Rocks that slipped down from the seawall are dug out of the sand during the project to repair damage near Beachfront Park from the 2011 tsunami. When not enough were uncovered, the city asked the state for more money to bring in another 150 tons of rock for restoring the seawall. Del Norte Triplicate / Bryant Anderson
Repairs under way to damaged seawalls at Crescent City’s Beachfront Park and a city-owned RV park are a reminder that the 2011 tsunami’s toll was not confined to the local port.

While the $20 million-plus worth of damage to Crescent City Harbor from the tsunami triggered by an earthquake near Japan overshadows other impacts the disaster had in Del Norte County, infrastructure at Crescent City’s flagship park recently needed mending.

Seven-foot high tsunami surges damaged the revetment that protects Beachfront Park from the Pacific Ocean’s high tides and winter waves. Pieces of rock slope material slipped down onto the beach below as a result of the tsunami.

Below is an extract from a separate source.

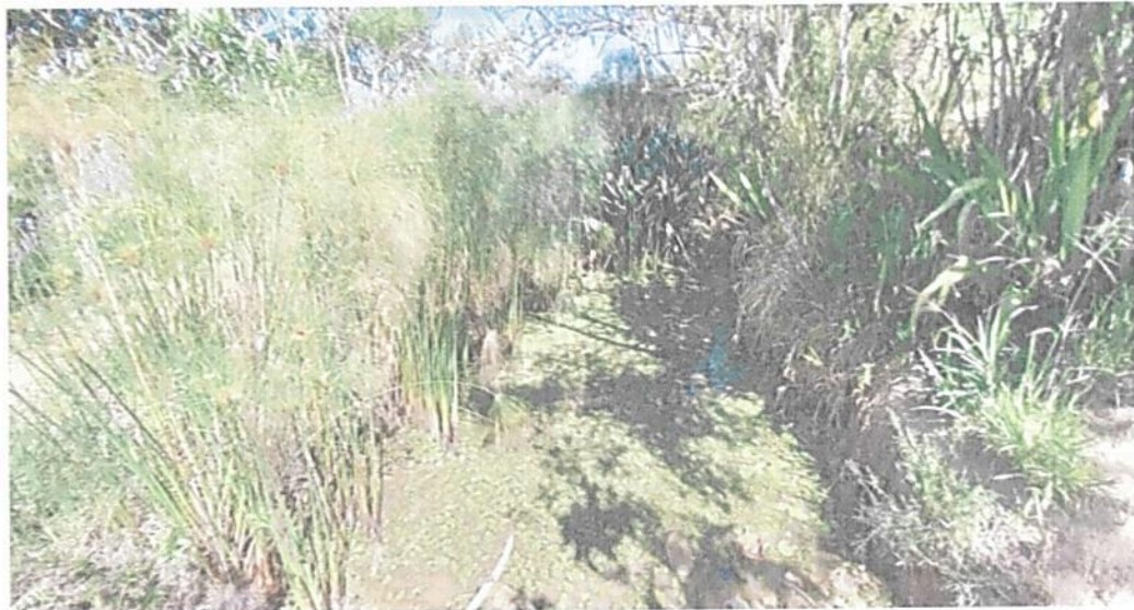
Figura 6. Zona de Amortiguación y Manejo Especial Cuerpo de Agua del predio denominado "SIN INFORMACIÓN" identificado con FMI No. 302-616, que conforman la RNSC "BIOPARQUE MONCORA 3".

“The rock barrier prevents the revetment from being slowly washed away and eroded by high tides and storm events,” said Kevin Tupman, engineering technician for Crescent City’s public works department, as he supervised construction Wednesday.

The $45,000 project is being funded by the California Office of Emergency Services (formerly California Emergency Management Agency), and involves the installation of 350 tons of rock on 900 feet of seawalls (revetments) near the mouth of Elk Creek. Both the Beachfront Park side of the creek and Shoreline RV Park and Campground will be restored to the way they were before the tsunami, Tupman said.

The original project plan called for digging up rocks and concrete that had slipped down from the seawall and were buried in the sand.  But after the city recovered less than half of the rock it expected to recycle, officials had to go back to the state to ask for an additional $10,000 for 150 tons of more rock, Tupman said.

The project, contracted to Hemmingsen Construction, uses larger 1-ton and half-ton rocks for the main structure, and then smaller rocks are wedged in the cracks to keep the rock barrier in place, Tupman said. 

Contractors and city workers have had to work around high tides and the configuration of Elk Creek, which had snaked too close to the revetment adjacent to the RV park to be completed two weeks ago when construction started.

After the weekend rainstorm dropped several inches throughout Del Norte County, Elk Creek’s mouth moved closer to the center, making it possible to finish the work, Tupman said.

“It protects from potential future damage,” said Tupman, who expected the project to be finished this week.